Após isso, uma tela mostrando Plantão de Notícias aparece na tela e seguidamente muda para uma apresentadora de TV numa típica mesa de notícias num estúdio de gravação.
— Mais notícias do caso 568. Depois das 12:00 horas de ontem, a linha vermelha do metrô foi fechada por tempo indeterminado devido às investigações entre o túnel de José Framergard e Flamingos. Todas as estações tiveram grande parte de seus funcionários dispensados. As linhas serão testadas hoje à noite e voltarão a funcionar amanhã às três da manhã, porém em velocidade reduzida. Ainda não foi dado nenhum sinal dos desaparecidos, nem sequer do metrô 568 e nenhuma pista além dos sinais de acidente no túnel. Apesar do retorno das linhas, a perícia continuará trabalhando nas investigações nos túneis.
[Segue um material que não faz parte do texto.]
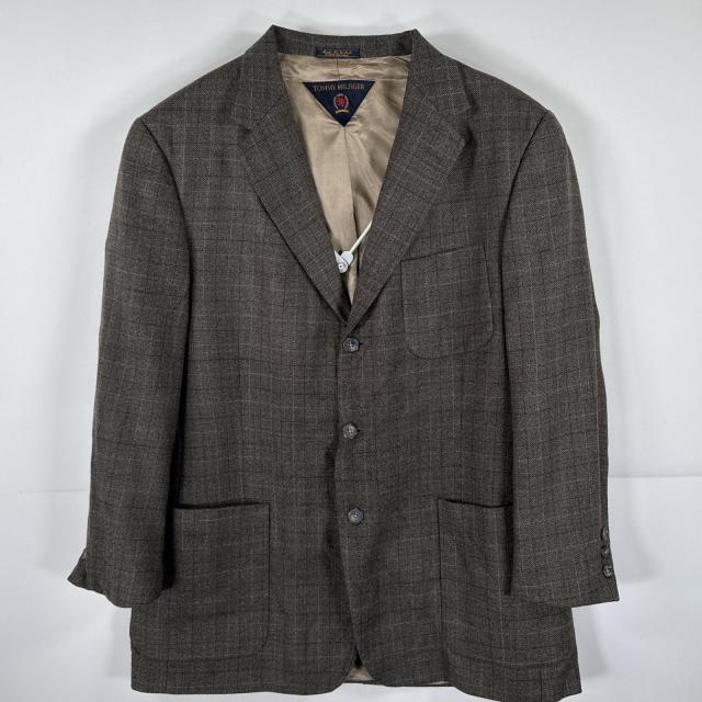 USA古着 トミーヒルフィガー TOMMY HILFIGER テーラードジャケット ブレザー スーツ ウール 大きいサイズ 44 ブラウン チェック メンズ

"O caso 568, remete ao metrô 568 da linha vermelha que por volta das 4:30 da manhã perdeu seu contato e desde se teve mais notícias. — a programação exibem, vários operários com lanternas nos capacetes procurando algo em túneis escuros — Perto das 12:00 horas de ontem, a investigação começou a mostrar avanços significativos dado às informações de que o metrô 568 não havia nem chegado à estação Flamingos. Os investigadores presumem que o metrô teve algum problema entre as estações José Framergard e Flamingos. — agora exibe uma animação 3d de um metrô descarrilando em bários ângulos diferentes — Não há evidências claras do ocorrido dado que o maquinista do metrô 567, que vinha depois do 568, passou tranquilamente pelos túneis das estações e não viu nem sentiu nada de diferente. Os sinais de descarrilamento encontrados no túnel horas depois, que presumidamente estão relacionadas ao metrô sumido, reforça a ideia de descarrilamento para uma parte mais profunda do túnel, segundo os peritos. — a animação agora exibe o metrô indo para uma bifurcação de trilhos se arrasta com a força do impacto — Apesar da análise dos especialistas, entre todos os esforços do governo, não foi o suficiente para acalentar o desespero dos parentes das vítimas desse estranho acidente, — a TV agora exibe uma multidão em protesto, cheias de cartazes e panos com foto — já que nem sequer acharam o metrô desaparecido. Algumas revoltas foram instauradas em Santa Lianna e Don Jonas, já que grande parte dos trabalhadores usam os metrôs para se locomoverem. — A jornalista retorna na imagem — Seguimos com a programação na TV Livre.
A vinheta se vai e a programação de Bryan volta no exato momento em que termina de juntar as pipocas do chão.
— Corre, Christopher! – exclama ele para um dos apresentadores dos Caçadores Paranormais.
Élton balança a cabeça em desaprovação.
— Vou ver os testes – desponta Élton enquanto sai da sala, tragando o refrigerante do copo.
— Ah sim! Cuidado com o fantasma de Allulasu – responde o outro num tom que deixa Élton confuso entre o deboche e a seriedade.
Élton se vira furibundo, mas desiste de brigar com seu antigo aprendiz e sai da sala dos funcionários.